Zijn vacht isoleert zelfs zo goed dat de
mannetjes snel oververhit kunnen raken als ze
rennen.
Het grootste deel van het jaar brengen ijsberen
door op drijvende ijsschotsen en ze leggen
daarbij - op zoek naar voedsel - dagelijks wel
zo'n veertig kilometer af. In een heel leven zou
dit een gebied van ongeveer 260.000 vierkante
meter beslaan.
Ijsberen zijn topzwemmers en kunnen meer dan
honderd kilometer zwemmen zonder te hoeven
rusten. Om het water uit hun vacht te wringen,
slepen ze zich over het ijs. Ze moeten ervoor
zorgen dat ze goed schoon blijven, omdat een
vieze vacht niet goed warmte kan vasthouden. Op
heel koude dagen maken ijsberen een schuilplaats
en gaan daar opgekruld in liggen. Soms dekken ze
met een poot hun neus af, omdat de poten veel
warmte afgeven.
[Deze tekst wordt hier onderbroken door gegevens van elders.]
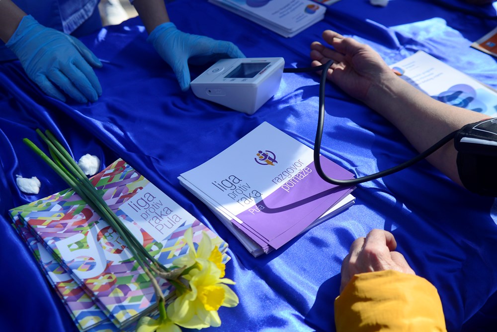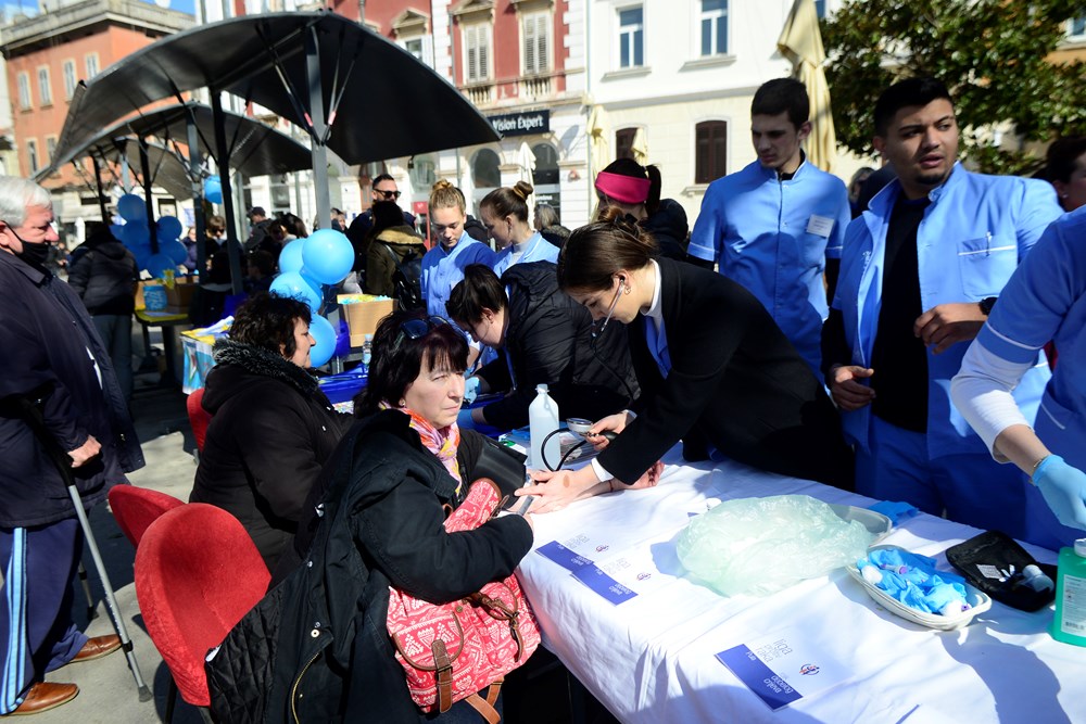 Akciji koju su organizirali Članovi Lige za borbu protiv raka pomogla je i sunčana subota koja je privukla veliki broj građana koji su iskoristili i provjerili krvi tlak uz pomoć učenika Medicinske škole koji su sudjelovali u akciji. Istovremeno su učenici Osnovne škole Kaštanjer prolaznicima dijeliti plave cvjetove s porukom izrađenom od papira, uz mogućnost simboličnih donacija građana koji su se rado odazvali.

Beren die onderdanig zijn, mogen
soms de schuilplaats delen. Wanneer een beer om
voedsel bedelt bij een andere beer, nadert hij
heel langzaam, draait rondjes om de andere beer
en biedt hem een neusbegroeting aan.
In 1973 ondertekenden Canada, de Verenigde
Staten, Denemarken en Noorwegen een verdrag dat
het jagen op beren beperkt. De populatie omvat
nu zo'n 25.000 beren, maar door het
broeikaseffect blijven ze bedreigd : de periode
waarin ze op zeehonden kunnen jagen, wordt
steeds korter door het smelten van het ijs. Ook
vervuiling door delfstoffenwinning vormt een
bedreiging. Men denkt dat dat de oorzaak is van
het verschijnsel dat sommige vrouwtjesberen
mannelijke voortplantingsorganen beginnen te
ontwikkelen.
De beren paren in het voorjaar, maar door een
bijzonder proces dat vertraagde implantatie
wordt genoemd, ontwikkelt een embryo zich pas
vanaf het einde van de herfst. Als het wijfje
genoeg vetreserves heeft, graaft ze een
schuilplaats voor zichzelf waar ze zal
overwinteren en haar kinderen zal baren. Als ze
niet genoeg reserves heeft, worden embryo's weer
door haar lichaam opgenomen. De jongen, die als
ze geboren worden zo groot zijn als een hamster,
worden minimaal twee jaar door hun moeder
gezoogd.
Met hun feilloze reukzin en hun perfect
gezichtsvermogen onder water, kunnen de ijsberen
heel goed langs de rand van het ijs jagen. Ze
wachten vaak uren naast het luchtgat van een
zeehond. Als die naar boven komt stort de beer
zich op zijn prooi en doodt hij hem met een
enkele beet in de kop, of met een klap van zijn
grote, zware poten. De ijsberen hebben het ijs
nodig om bij de zeehonden te kunnen komen.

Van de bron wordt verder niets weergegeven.